**Task item**
Copy out and return the lines from the one holding "随着5G开启新一轮大科技周期" to the end of the listing below, both included, omitting the pictures.

(Source material begins)

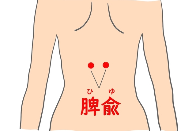 脾兪は、背中の腰椎あたりにあるツボです。正確には「気をつけ」の姿勢で両手を垂らし、両肘の先端を直線で結んだ第十二胸椎の位置から、外側に指2本分離れた場所にあります。
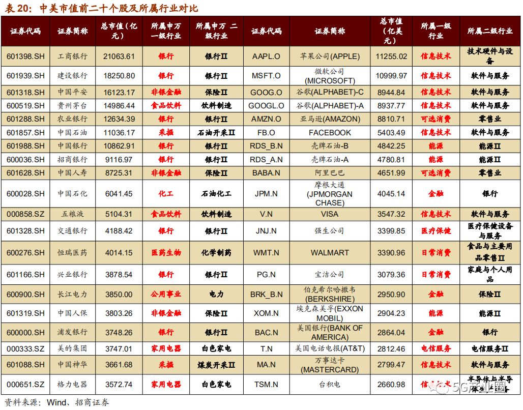 随着5G开启新一轮大科技周期,全球加速对5G部署,目前我国5G发展正处于世界领先水平。但从我国A股公司市值来看,目前还未有科技公司跻身前二十。而美国市值最大的前五家公司中有四家属于信息科技行业。对比美股龙头公司行业分布,我们认为经济结构的转型背景下,我国主导5G必然带来行业结构的调整,未来A股有望出现万亿级别的科技公司。
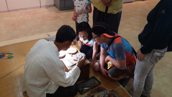 ▲고창 고인돌박물관을 방문한 관람객들이 윤도 제작 과정을 바라보고 있다.

(Source material ends)

**Solution to this problem**
 随着5G开启新一轮大科技周期,全球加速对5G部署,目前我国5G发展正处于世界领先水平。但从我国A股公司市值来看,目前还未有科技公司跻身前二十。而美国市值最大的前五家公司中有四家属于信息科技行业。对比美股龙头公司行业分布,我们认为经济结构的转型背景下,我国主导5G必然带来行业结构的调整,未来A股有望出现万亿级别的科技公司。
 ▲고창 고인돌박물관을 방문한 관람객들이 윤도 제작 과정을 바라보고 있다.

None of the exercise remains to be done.